Saturday, August 16, 2014

Back to School Jitters

School starts back in one week and I am jittery. Nervous. Twitchy and antsy.

But it's not because of the students who will walk in the classroom already taller than me. Nor is it because of the inevitable fights I'll have to break up (again, with students towering a head over mine).

I'm not even worried about the moms who will come up to the school and tell me it's my job to handle the discipline of their child, and "I don't care if she flipped somebody off. They probably deserved it." (Yeah, that really happened, but I'll elaborate in another post.)

No, I'm worried to death about my bladder. After a school year of holding it all day or calling for assistance in room 302 so I can run down to the teacher's lounge at breakneck speed and then wait for the one women's restroom to be unoccupied, my bladder was more excited about the summer than I was. It's motto was "free to be me and pee." Our relationship blossomed over the break, because anytime said bladder sent the signal that it needed a little attention, I always responded within 30 seconds.
This summer I was free at all times to drop what I was doing, announce "Excuse me, I'm going to the restroom" like I was Mr. Roarke on Fantasy Island, and take care of business. It was thrilling at first, but then I think my bladder became a little too demanding in the relationship.

For the past month here's what's been happening. I'm sitting at the computer, or having a cocktail with friends and like hummingbird to nectar WHAM! I have to go RIGHT THEN. Sometimes I wait until an appropriate lull in the conversation or a commercial break, but as soon as I stand up I am walking like my knees are connected, pigeon-toed and holding my breath to the ladies room. I'm sorry bladder, I'm not trying to make you wait but give a girl a little time!
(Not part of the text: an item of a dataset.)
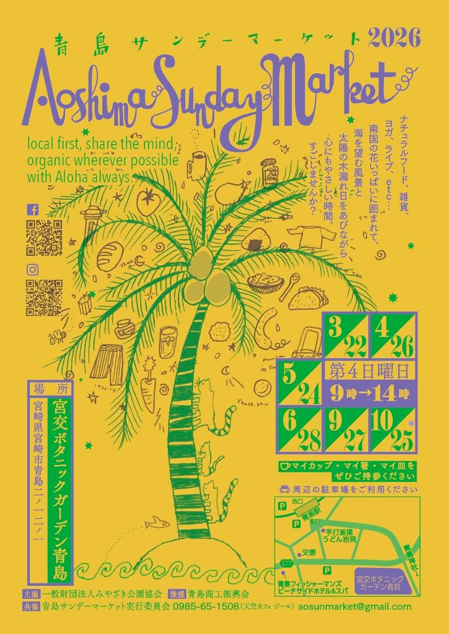 3月22日(日)に、ナチュラルオーガニックをテーマとした日曜市「青島サンデーマーケット」が宮交ボタニックガーデン青島にて開催されます!地元素材を活かした食べもの、飲み物、ハンドメイドや環境に配慮された雑貨、癒しのリラクゼーション、ワークショップなどのお店、音楽ライブも楽しめますよ!

Like right now, I am writing this and my leg is bouncing up as if I'm playing horsey with an imaginary toddler. No matter that this may be an award-winning post, or I might give other teachers some common ground on which to stand so they don't feel alone. No, Mr. B has no mercy. As soon as I stand from this chair, my family best clear a path because I will  knock down any obstacles between here and the restroom.

But I'm writing this for you, fellow teachers; what are we to do? Come a week from now, I may amidst a riveting lesson about prefixes and suffixes. I am really concerned that just as I get to the meaning of  "dis-", my bladder signals "ALERT ALERT!" and all the assistants are in the other hallway (probably relieving all the other teachers with this back-to-school condition).

I am apologizing now to my school and other students, who I constantly remind ALL DAY LONG not to run in the hallway. If Mr. B calls, I will be running in the hallway.

I will most likely leave my students in the classroom to avoid embarrassment.

I will do the unthinkable and use the student restroom if the single-stall teacher's lounge ladies room is occupied/occupado.

If an assistant does not come, I may yell "EMERGENCY IN ROOM 302!" on the walkie talkie.

I will enroll in bladder therapy to work out our most-certainly strained relationship.

I may have to meet with my teacher team to devise a tag-team-pee system. (Seriously not kidding about this one.)
I will not, however, purchase Depends. Sorry Mr. B, I am always in control of my students, and I will certainly be in control of you.
Remember friends, to achieve it you have to believe it.